Calibrating the Compass
My approach to development so far had been to bench test the components and the code and then move them over into the car. This meant that most of my testing and calibration was done outside the scope of the electrical and magnetic environment added by the cars components, such the DC permanent magnet drive motor, the steering servo (which also contains a PM motor) and the various magnetic-field-altering aspects of the car. I quickly learned that all my carefully calibrated subsystems did not behave as I expected when I took the car outside for test runs. In fact, the car seemed at times to have a mind of its own, steering wildly from side to side one minute, then seeming to driver rather well the next. I had two culprits in mind; the GPS subsystem and the magnetic compass. As it turns out, both needed work, and for different reasons than I first suspected. This section will focus on the compass and what it took to get it operating correctly.
To be more precise, my car uses a 3 axis magnetometer, not a compass. A compass is a magnetized needle that swings under influence of the earth's magnetic field until it aligns itself along the N/S lines of force. The magnetometer in my car, however, contains three sensors that sense the relative strength of the magnetic field in three perpendicular axes; X, Y and Z. The some of these three readings then form a vector that supposed to point in the direction as a compass needed. However, how well this works depends on several things. First, it assumes that all three magnetic sensors are all functionally equivalent and would all return the same reading if their positions in the device were interchanged. However, due to manufacturing tolerances and variations, this is usually not true. So, as a first step, we need some way to compensate for these differences. Second, the big permanent magnet motor at the rear of the car does exert a distorting effect on the Earth's magnetic field, as do the other magnetic components in the car.
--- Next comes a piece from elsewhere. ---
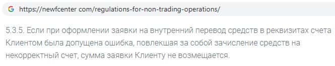 Регламент осуществления неторговых операций на сайте скам-брокера NFCenter
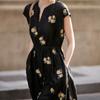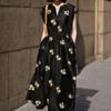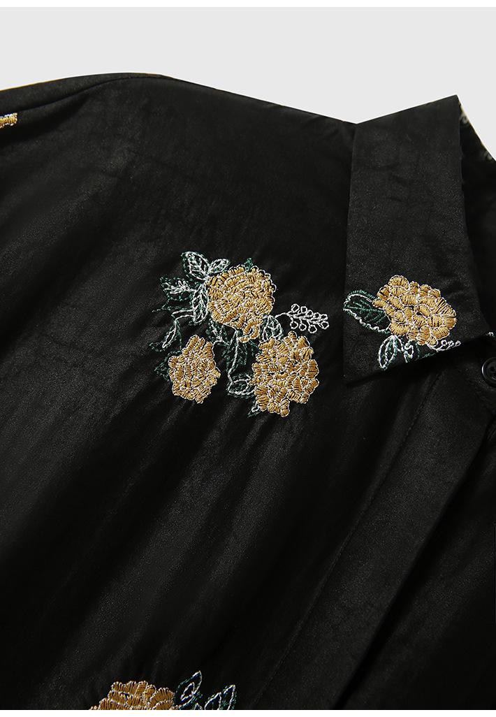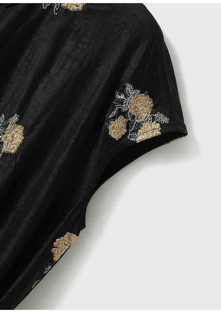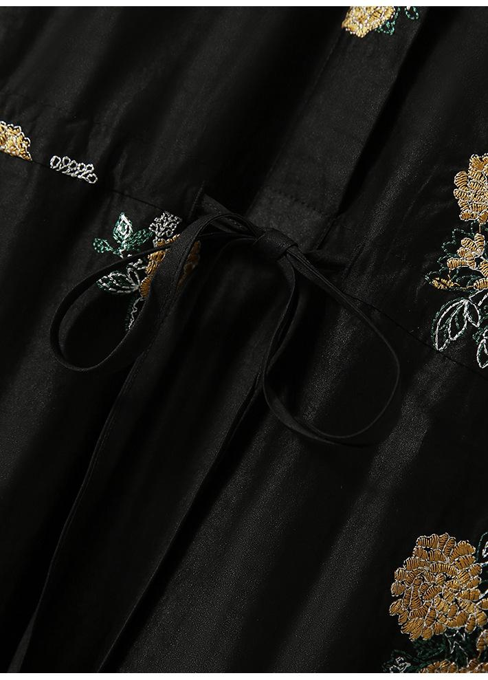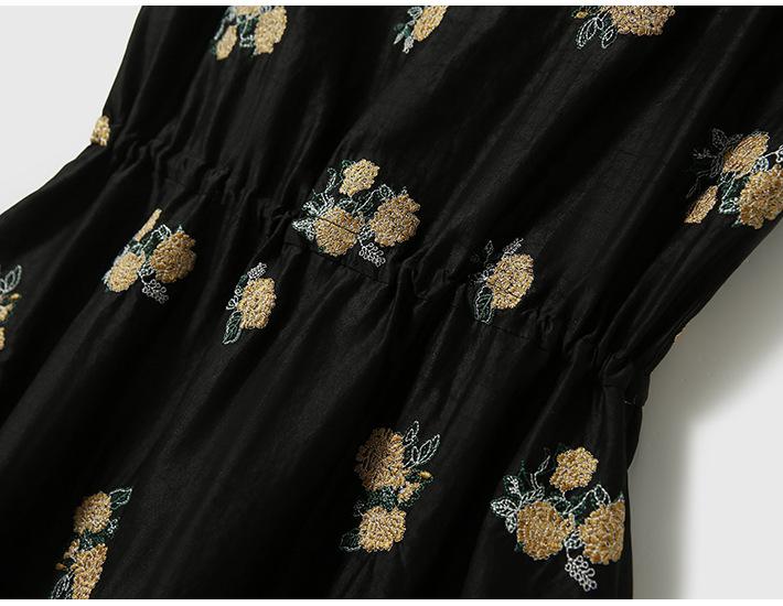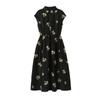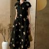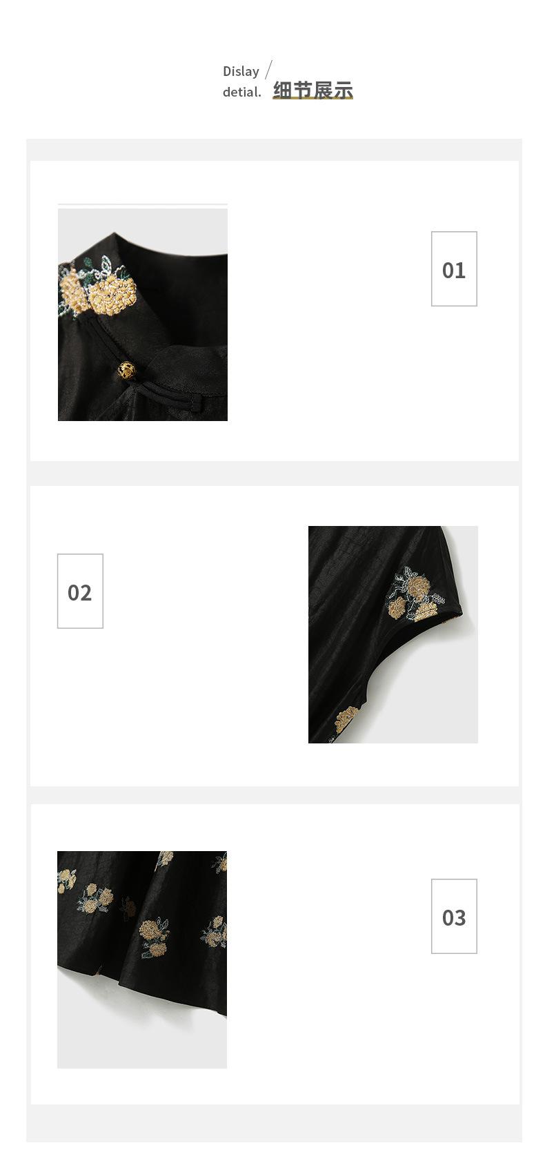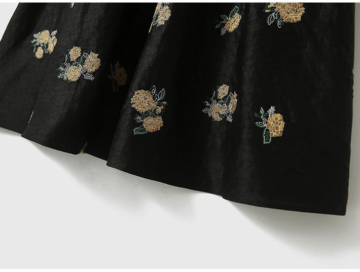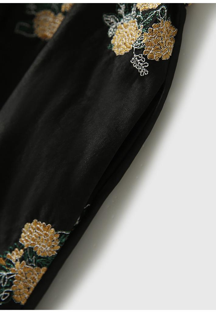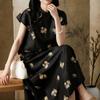 Full Silk Hydrangea bordado Xiangyun vestido fio Mulberry Silk saia Mid-length Small Black Dress Verão das Mulheres

One easy way to visualize the effect of all these distortions is to spin the magnetometer around, for example, the Z axis while recording the values returned by the X and Y sensors. I did this using my original HMC5883L magnetometer, then used Excel to display an X/Y point plot of the data. If the magnetometer was properly calibrated, the result should have been a circle centered on the X/Y axes. Instead, this is what I got:
As you can see, the circle is not centered on X and Y but is, instead, shifted down and to the left. So, this started to explain some of my car's erratic behavior. However, this data was gathered on my desktop with the HMC5883L magnetometer no where near the big PM motor in the car. So, the next step was to perform the same check using the new magnetometer contained in the LSM303DLM chip in the Pololu MinIMU-9. I was very curious to see what this test would show, as the car had seemed to perform worse once I replaced the HMC5883L with the MinIMU-9 and had gone to all the trouble of adding in the complex code needed to perform tilt compensation. The result was more surprising than I expected:
As the plot shows, the origin was outside the circle formed by the X/Y readings! So, it was instantly clear why car performed worse with this new magnetometer. In thinking about the graph, I realized that my car's motor was located to the left rear of the car, so it seems quite likely that this explains the distortion. Fortunately, the fix is rather easy, I simply calculate the offset from the origin and subtract it from the readings before performing the trigonometric math needed to compute the compass heading.